I was really disappointed this week to see that the UK do not have an entry into the Ice Hockey in the upcoming Winter Olympics, and it looks as if the predicted medal cache is very small.
What can we expect when we treat a sport like this? As someone said further up the thread, if it doesn't involve football, they're not interested. Makes me sick to be honest, but at the same time proud to be part of an alternative and niche sport.
And then we have Dancing on Ice - a bunch of non-celebs grabbing the limelight in the name of 'reality TV'.....but then, although I hate those sorts of programmes, the more it does to promote the sport, the better.
The sad thing is, the UK has had well established sports for a long time now (football, rugby, cricket, snooker to some extent), so the ice sports have always languished as everyone already has their plates full with those and don't feel like splitting their attention further. When that's the case then there's basically no reason for the mainstream media to really cover it compared to the other sports.

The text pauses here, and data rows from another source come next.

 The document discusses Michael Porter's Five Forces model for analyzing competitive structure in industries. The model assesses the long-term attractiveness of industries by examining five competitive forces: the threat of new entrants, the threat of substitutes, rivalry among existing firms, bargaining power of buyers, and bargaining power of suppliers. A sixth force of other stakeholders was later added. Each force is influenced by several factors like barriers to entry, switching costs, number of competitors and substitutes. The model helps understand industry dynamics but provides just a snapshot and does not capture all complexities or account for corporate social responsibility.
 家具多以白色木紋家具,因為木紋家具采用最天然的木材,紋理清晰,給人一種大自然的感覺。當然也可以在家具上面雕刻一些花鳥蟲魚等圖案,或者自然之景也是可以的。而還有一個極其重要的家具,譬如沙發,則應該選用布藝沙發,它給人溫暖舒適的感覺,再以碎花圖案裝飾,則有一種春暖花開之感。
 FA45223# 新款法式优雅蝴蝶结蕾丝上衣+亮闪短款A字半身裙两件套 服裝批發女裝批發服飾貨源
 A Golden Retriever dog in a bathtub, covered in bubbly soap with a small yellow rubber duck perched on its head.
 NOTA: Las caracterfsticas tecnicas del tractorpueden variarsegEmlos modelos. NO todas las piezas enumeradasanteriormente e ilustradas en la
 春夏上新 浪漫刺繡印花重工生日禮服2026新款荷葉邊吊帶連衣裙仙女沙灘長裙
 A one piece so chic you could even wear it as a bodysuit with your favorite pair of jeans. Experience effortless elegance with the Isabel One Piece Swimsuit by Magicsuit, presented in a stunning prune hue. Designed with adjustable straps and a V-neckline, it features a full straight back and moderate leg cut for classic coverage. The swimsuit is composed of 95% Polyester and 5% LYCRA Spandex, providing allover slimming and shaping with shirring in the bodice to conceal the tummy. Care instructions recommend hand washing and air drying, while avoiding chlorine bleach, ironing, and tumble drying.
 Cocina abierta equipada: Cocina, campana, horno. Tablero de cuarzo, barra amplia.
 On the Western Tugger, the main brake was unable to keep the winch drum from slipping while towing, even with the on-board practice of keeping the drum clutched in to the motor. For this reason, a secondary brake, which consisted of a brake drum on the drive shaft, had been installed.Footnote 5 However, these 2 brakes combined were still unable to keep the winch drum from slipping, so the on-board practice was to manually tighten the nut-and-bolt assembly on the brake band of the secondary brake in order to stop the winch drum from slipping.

I'm not afraid to admit that ice hockey is what keeps rinks open (along with public sessions). Whole teams paying for practise time and, more importantly, people paying to come and watch games is definitely a bigger money earner than the handful of us figure skaters that could barely make up a full hockey team on patch. But that's the problem, the public have their hands full with our more established sports so people don't really watch ice hockey and rinks don't get the kind of cash they could be and end up closing.
While Dancing on Ice does raise the profile of the sport, the slightly sad thing is that it doesn't even utilise any particular ice skating discipline so it's a complete sham from the perspective of the ice skating community - of course, the general public doesn't know that so it's still beneficial regardless.